Greek Inspired Quinoa Bowl
It feels like a month ago that I made this recipe on Instagram Live and ate a whole bowl of leftovers throughout the week. It feels long ago because….well COVID…which has negated all normal sense of time and also because I’ve bought a house and am now living amongst unopened boxes, paint cans and floor samples, which is far from my usual pace of normalcy.
Nevertheless, I’m immensely grateful for the opportunity to buy a house and make it a home. And, while my normal meals have been replaced by easily accessible meals *cue copious amounts of pizza, Flaming Hot Cheetos and granola as cereal for breakfast, lunch and dinner here… but actually though* I’m looking to making more meals like this again in my kitchen because it was legit delicious and very easy to put together.

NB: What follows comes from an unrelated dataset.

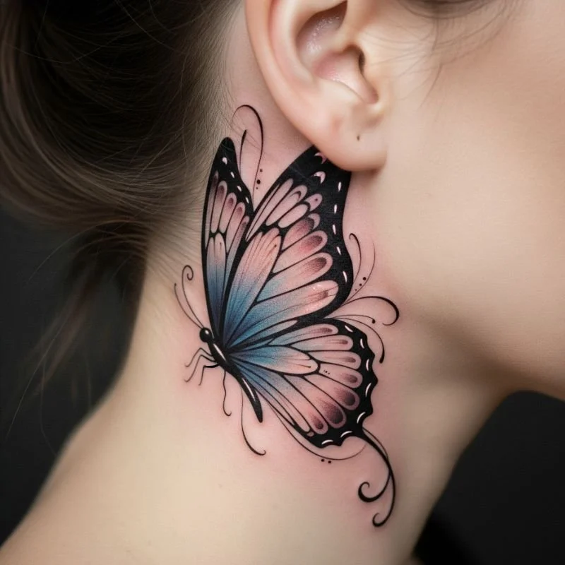 Behind-ear butterfly tattoos offer delicate beauty that peeks out subtly, creating an element of surprise and feminine charm for viewers. This placement provides intimacy since the design remains partially hidden until you move your hair or turn your head. The butterfly symbolizes transformation, rebirth, and the courage to embrace change throughout life's various phases and challenges. Artists can create realistic butterflies with detailed wing patterns or stylized versions that emphasize graceful lines and movement. Color options range from vibrant tropical hues to elegant black and gray that maintains sophistication and timeless appeal. This design works exceptionally well for individuals wanting meaningful symbolism without overwhelming visual impact that dominates their entire appearance.

Starting with a basic base of red quinoa (which you can prep days in advance and store in the fridge), this Greek Inspired Bowl uses fresh chopped vegetables like cucumbers and bell peppers, feta cheese (optional), fresh dill, and a homemade creamy tzatziki sauce to tie it all together.
Sound good? Then read on!
Greek Inspired Veggie Quinoa Bowl
- 1-1.5 cup quinoa boil in vegetable broth for added flavor
- 1/2 large English cucumber diced into small pieces
- 1 cup cherry tomatoes quartered
- 1/2 red onion sliced thinly
- 1 can chickpeas optional, drained.
- 1/4-1/2 cup crumbled feta cheese save some for garnish
For the Tzatziki Sauce
- 1/2 cup plain Greek yogurt I used Fage
- 1 tbsp extra virgin olive oil
- 2 tbsp fresh lemon juice
- 1 clove minced garlic or use garlic powder
- dill to taste
- salt + pepper to taste
- Measure out the quinoa and cook in small stove pot with vegetable broth over medium to medium high heat. Roughly 2 parts liquid to 1 part quinoa. Allow to cook as you prep your vegetables making sure to stir occasionally.
- Rinse and chop your vegetables into small pieces. Place chopped ingredients into large bowl and set aside.
- To make the dressing: combine all ingredients for the homemade tzatziki sauce into a small mixing bowl. Mix well until creamy. Store in the fridge until ready to use.
- Once the quinoa is ready, combine desired amount into the larger bowl with vegetables. Mix well and then add in the dressing, mixing continuously.
- Garnish with more dill, feta cheese and salt and pepper. Serve immediately.
I hope you all enjoyed this as much as I did. May it nourish you.